High variation in camera trap-model sensitivity for surveying mammal species in northern Australia
Jaime Heiniger
A B D and Graeme Gillespie A C
A Flora and Fauna Division, Department of Land Resource Management, 25 Chung Wah Terrace, Palmerston, NT 0830, Australia.
B School of Biological Sciences, The University of Queensland, St Lucia, Qld 4072, Australia.
C School of Biosciences, The University of Melbourne, Parkville, Vic. 3010, Australia.
D Corresponding author. Email: j.heiniger@uq.edu.au
Wildlife Research 45(7) 578-585 https://doi.org/10.1071/WR18078
Submitted: 1 May 2018 Accepted: 15 August 2018 Published: 30 October 2018
Abstract
Context: The use of camera traps as a wildlife survey tool has rapidly increased, and understanding the strengths and weaknesses of the technology is imperative to assess the degree to which research objectives are met.
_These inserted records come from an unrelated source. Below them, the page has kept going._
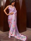 Charm all hearts adorning this soft purple color festive saree crafted in satin. Furnished using floral digital patterns, creating a subtle drama. Comes with a matching purple color blouse in satin. Please keep in mind that the accessories featured are purely for fashion purposes. Due to photography reasons, some color variations may occur. The un-stitched blouse may be customized up to 42 inches.
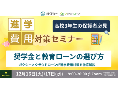 まだ間に合う"進学費用対策" 奨学金教育ローンをまとめて学べる12月16日(火)17日(水) ガクシー会員45万人突破記念 日本最大級の奨学金プラットフォームを運営する株式会社ガクシー(本社:...
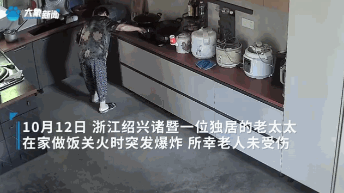 意外还是发生了!10月13日报道,浙江绍兴一82岁老太在家中做饭,关煤气时突然发生爆炸,不仅餐具被炸飞,连老太都被震得连连后退!好在老太非常镇静,及时关闭了煤气罐,再加上橱柜和灶台都防火,这才没有造成更大的损失。网友:老人福大命大!
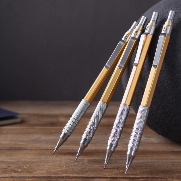 Набір механічних металевих олівців 0.3 - 0.9 мм автоматичні срібно-золотисті
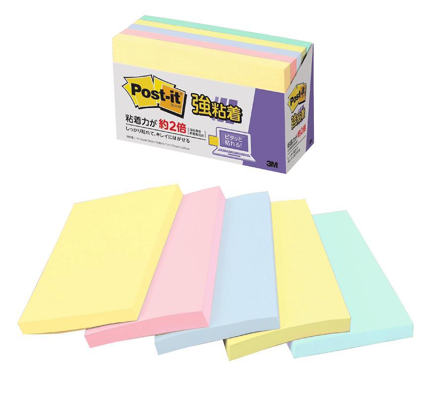 ●ふせんサイズ:75x127mm。 たっぷり書き込める大判サイズのポストイット付箋。詳しい伝言や記録、掲示や在庫整理などに便利なサイズです。●約2倍*の強粘着タイプで、クリアファイルやパソコン、電話などの樹脂面や、キャビネットや家具などのスチール面、扉、壁などの垂直面、ダンボールなど、つきにくかった場所にもしっかり貼れるので、大切な伝言やメモに最適です。しっかり貼れてきれいにはがれるのが特長の製品です。(*当社通常粘着比)●90枚x5パッド。●色分けにも便利な混色タイプ。●色:イエロー、ピンク、ネプチューンブルー、アップルグリーン●本体:古紙パルプ配合率100%の再生紙。粘着剤:アクリル系粘着剤。●エコマーク取得。●グリーンマーク取得。グリーン購入法適合。●GPNエコ商品ねっと掲載。●中身が見やすく取り出しやすい、収納にも便利な紙製スリーブケース入り。

Aims: We evaluated the differences in performance among three Reconyx camera-trap models, namely, a custom-modified high-sensitivity PC850, and unmodified PC850 and HC550.
Methods: We undertook a controlled field trial to compare the performance of the three models on Groote Eylandt, Northern Territory, by observing the ability of each model to detect the removal of a bait by native mammals. We compared variation in detecting the known event, trigger numbers, proportion of false triggers and the difference in detection probability of small to medium-sized mammals.
Key results: The high-sensitivity PC850 model detected bait take 75% of the time, as opposed to 33.3% and 20% for the respective unmodified models. The high-sensitivity model also increased the detection probability of the smallest mammal species from 0.09 to 0.34. However, there was no significant difference in detection probability for medium-sized mammals.
Conclusions: Despite the three Reconyx camera models having similar manufacturer-listed specifications, they varied substantially in their performance. The high-sensitivity model vastly improved the detection of known events and the detection probability of small mammals in northern Australia.
Implications: Failure to consider variation in camera-trap performance can lead to inaccurate conclusions when multiple camera models are used. Consequently, researchers should carefully consider the parameters and capabilities of camera models in study designs. Camera models and their configurations should be reported in methods, and variation in detection probabilities among different models and configurations should be incorporated into analyses.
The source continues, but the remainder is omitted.